The sale and strategic relationship are expected to result in a stronger asset management partner for the Group and its customers, combining Aberdeen and SWIP's strengths across fixed income, real estate, active and quantitative equities, investment solutions and alternatives. SWIP's management and employees will transfer to Aberdeen upon completion.
The sale does not include Scottish Widows, the Group's life, pensions and investment business, which remains core to the Group.
In consideration for SWIP, the Group will receive approximately 132 million new ordinary shares of Aberdeen, equivalent to approximately 9.9 per cent of its enlarged issued ordinary share capital. Aberdeen has also committed to deliver additional consideration 12 months after completion calculated with reference to the amount by which Aberdeen's volume-weighted average share price for the five trading days prior to completion (the "VWAP") is below 420 pence but above a floor of 320 pence. To the extent the VWAP is below 320 pence, the Group has the option to terminate the sale. Based on Aberdeen's share price of 427 pence at close on 15 November 2013, the Group's shareholding in Aberdeen would have a value of approximately £560 million. In addition, further consideration of up to £100 million will be payable in cash over a five year period depending on the growth in business generated from the strategic relationship with the Group.
The Group intends to be a supportive shareholder and has agreed lock-up arrangements whereby, subject to certain exceptions, the Group will maintain its initial shareholding for at least one year, two-thirds of its initial shareholding for at least two years and one-third of its initial shareholding for at least three years.

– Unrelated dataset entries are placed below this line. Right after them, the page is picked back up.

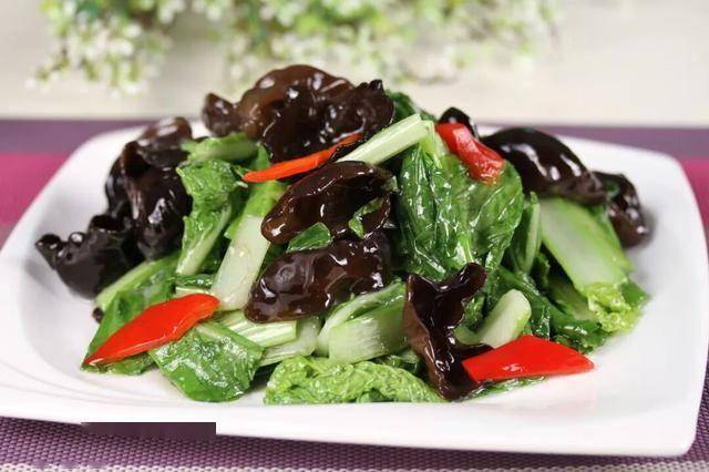 木耳炒小白菜(小白菜100克、水发木耳20克)
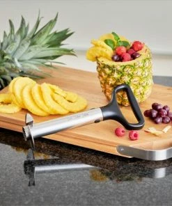 Mit dem Ananasschneider von RÖSLE lassen sich Ananasringe im Nu perfekt zubereiten. In nur wenigen Schritten wird das Beste aus der Frucht herausgeholt: Zunächst wird die Ananas zwei bis drei Zentimeter unter dem Blätterschopf abgeschnitten. Der Ananasschneider lässt sich dann sehr leicht von oben in die Frucht eindrehen. Der ergonomische Griff bietet optimalen Halt und garantiert einen mühelosen Drehvorgang. Am Boden der Ananas angekommen, lässt sich das Fruchtfleisch – mittlerweile perfekt getrennt vom Strunk – einfach herausziehen. Das Ergebnis sind servierfertige, dekorative Ananasringe, die nicht nur den Gaumen, sondern auch das Auge erfreuen.
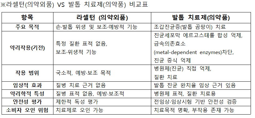약본부는 또 광고 중인 라셀턴(의약외품)과 발톱무좀 치료제(의약품)는 약리학적으로 큰 차이가 있으며, 라셀턴의 경우 치료용 약리 작용이 없고 발톱 진균치료 목적의 의약품과는 명확히 구분된다고 밝혔다.
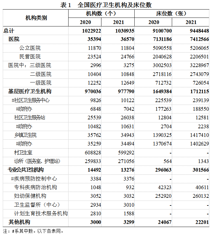 (一)医疗卫生机构总数。2021年末,全国医疗卫生机构总数1030935个,比上年增加8013个。其中:医院36570个,基层医疗卫生机构977790个,专业公共卫生机构13276个。与上年相比,医院增加1176个,基层医疗卫生机构增加7754个。全国共设置10个类别的国家医学中心和儿童类别的国家区域医疗中心。

Further detail on the lock-up arrangements, which can be waived at any time by Aberdeen, is set out at the end of this announcement.

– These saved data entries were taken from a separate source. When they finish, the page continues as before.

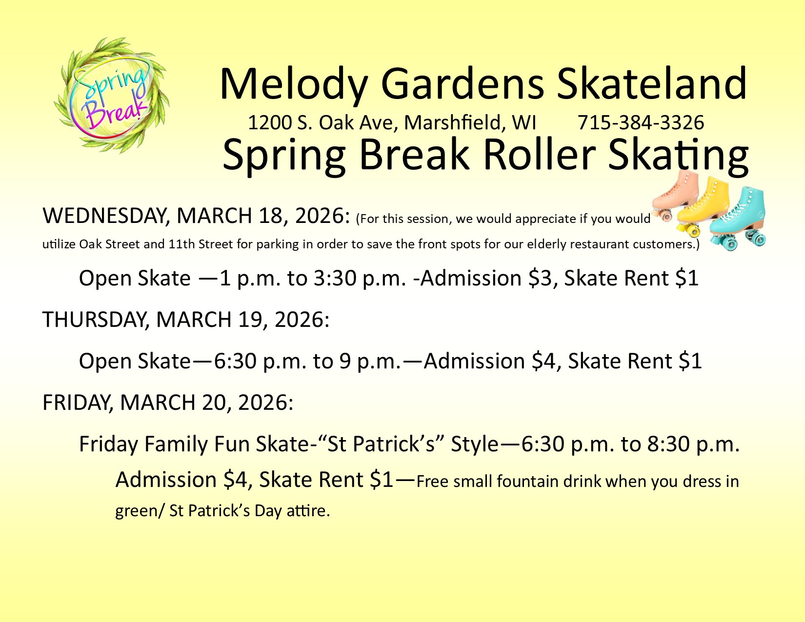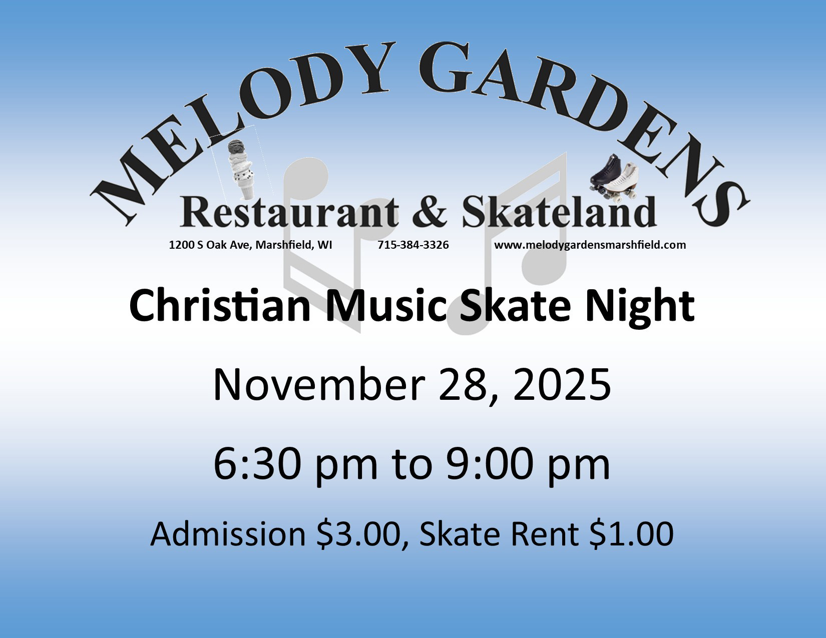 Melody Gardens Skateland Hours are listed on the Skateland Page.
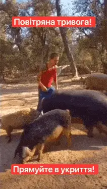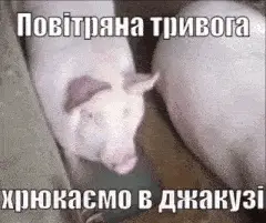 A cute parrot hides inside a trash can, acting as a shelter during an air raid alert.
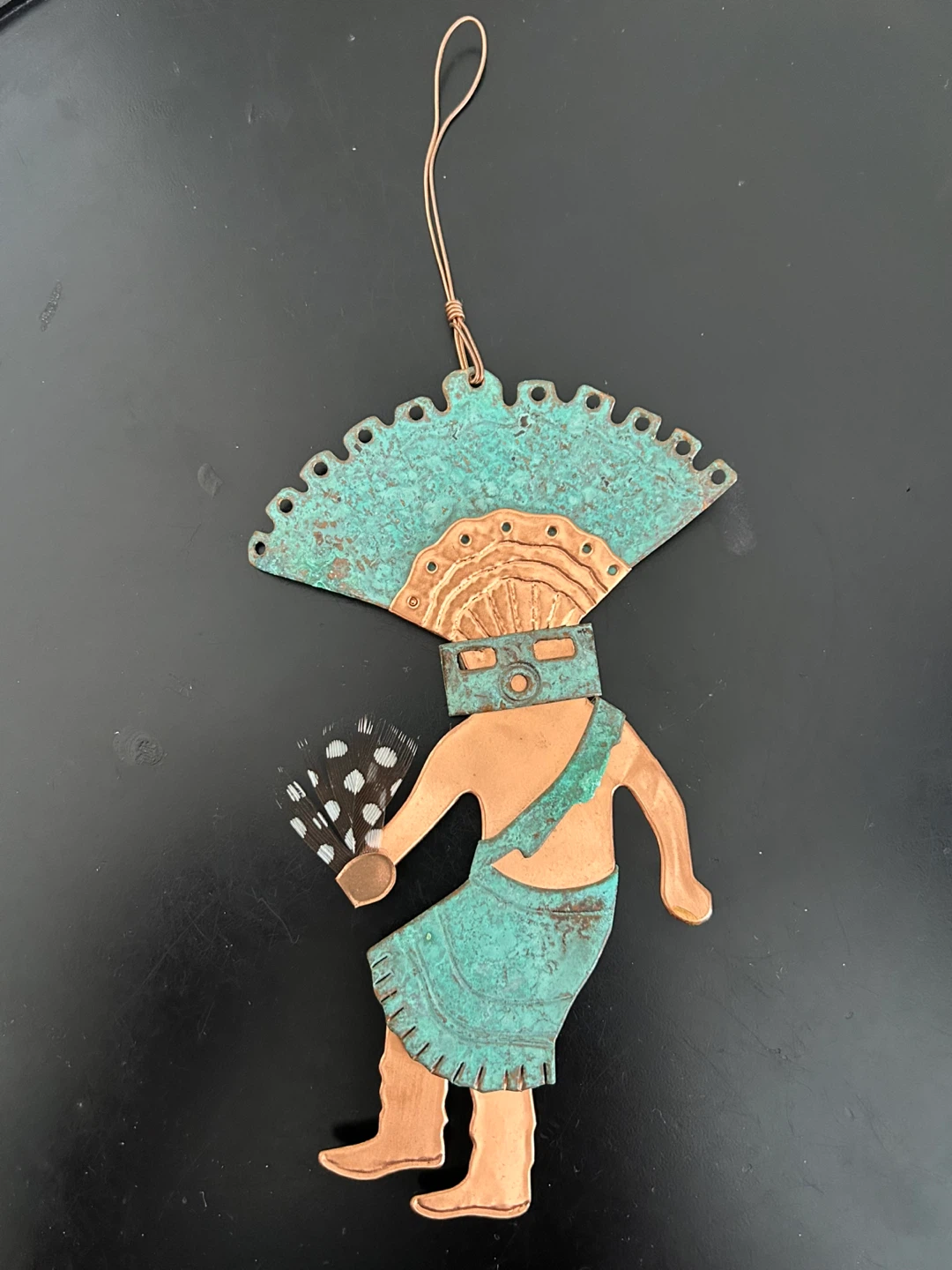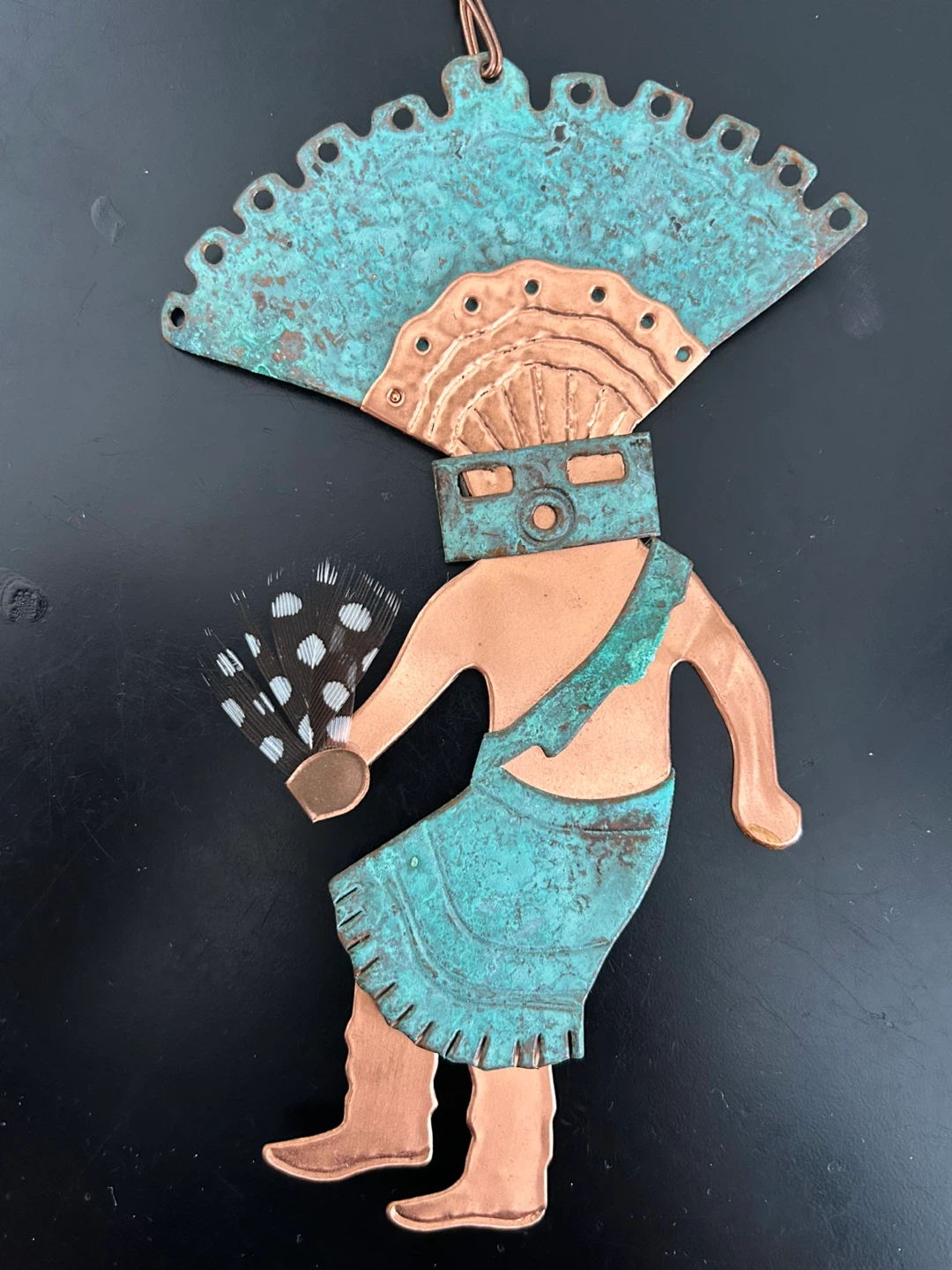 Unique Southwestern-inspired Kachina dancer wall art, handcrafted from mixed metals (copper and brass) with a natural verdigris patina on the headdress and kilt. The figure is accented with real black-and-white spotted feathers, adding texture and movement.

Based on Aberdeen's share price of 427 pence at close on 15 November 2013, and assuming only the initial consideration is received, the sale of SWIP is expected to lead to a post-tax gain on disposal of approximately £190 million, including the write-off of approximately £320m of Insurance embedded value arising from the Group's ownership of SWIP. On this basis, the sale of SWIP will increase the Group's common equity core tier 1 capital ratio, on a pro forma fully loaded CRD IV basis, by approximately 11 basis points (approximately £310 million capital equivalent).

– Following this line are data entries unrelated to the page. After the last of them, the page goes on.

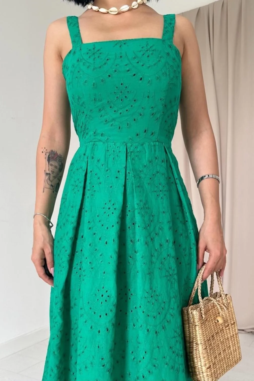 Yeşil Askılı Aparatlı Brode Elbise
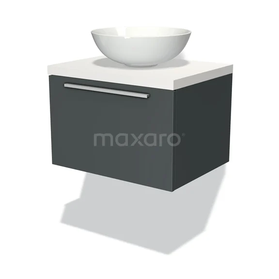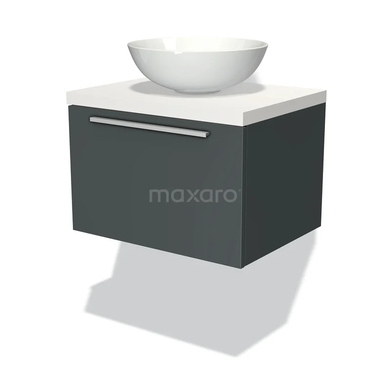 Modulo Plato Badmöbel mit Aufsatzwaschbecken | 60 cm Dunkelgrau Flach front Matt Weiß blatt 1 Schublade
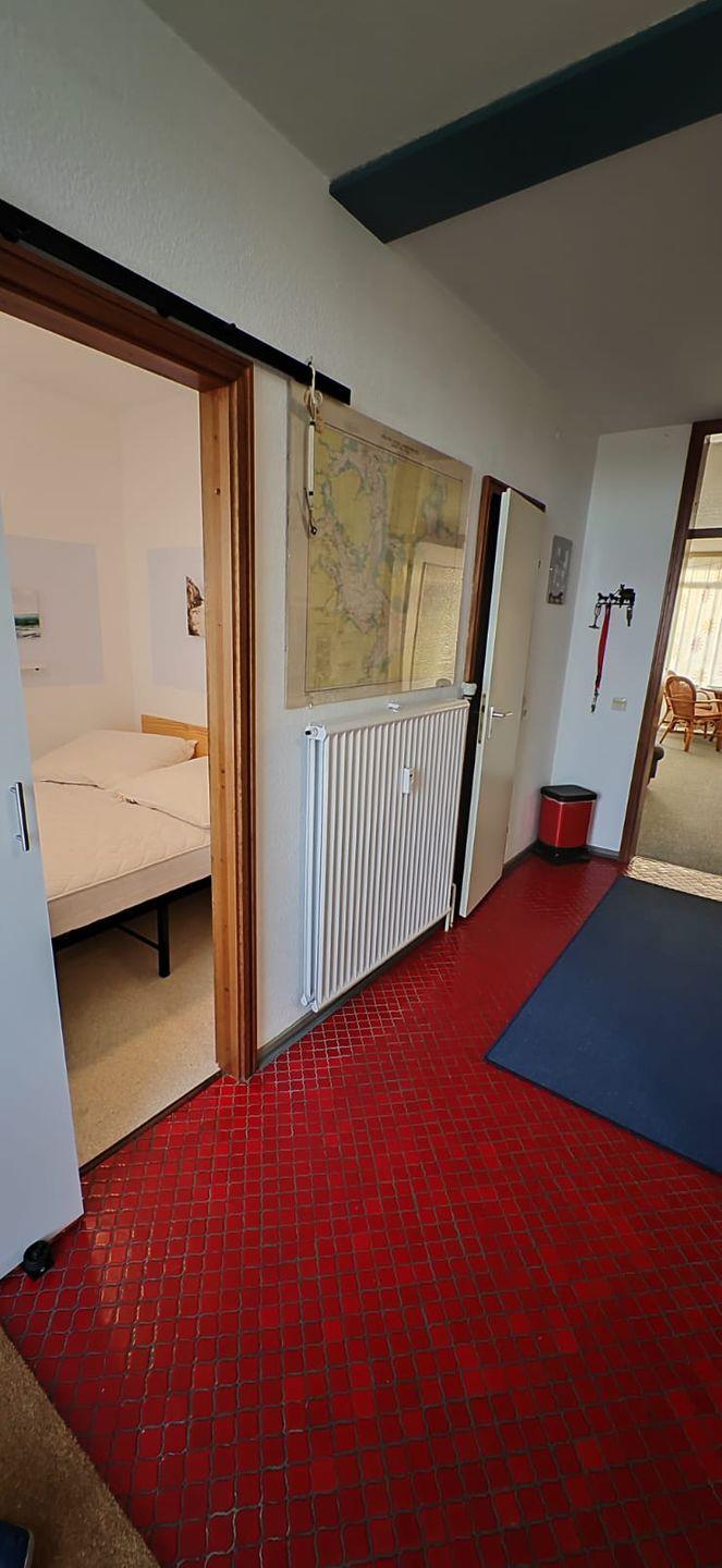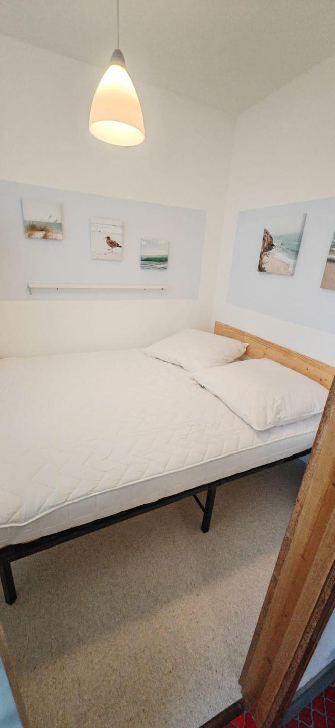 Gleich linksseitig finden Sie mit Fenster zum Laubengang das kleine Schlafzimmer mit einem Doppelbett für 2 Personen. Direkt daneben das Duschbad mit Dusche, Waschbecken, Toilette, etc.

The gross assets of the transaction were approximately £240 million as of 31 December 2012 with SWIP reporting a normalised profit before tax of approximately £85 million in 2012. Funds under management were £136 billion at 31 August 2013. Any cash proceeds realised from the sale over time are expected to be used for general corporate purposes. The sale is expected to complete by the end of the first quarter of 2014, subject to obtaining the necessary regulatory and other consents.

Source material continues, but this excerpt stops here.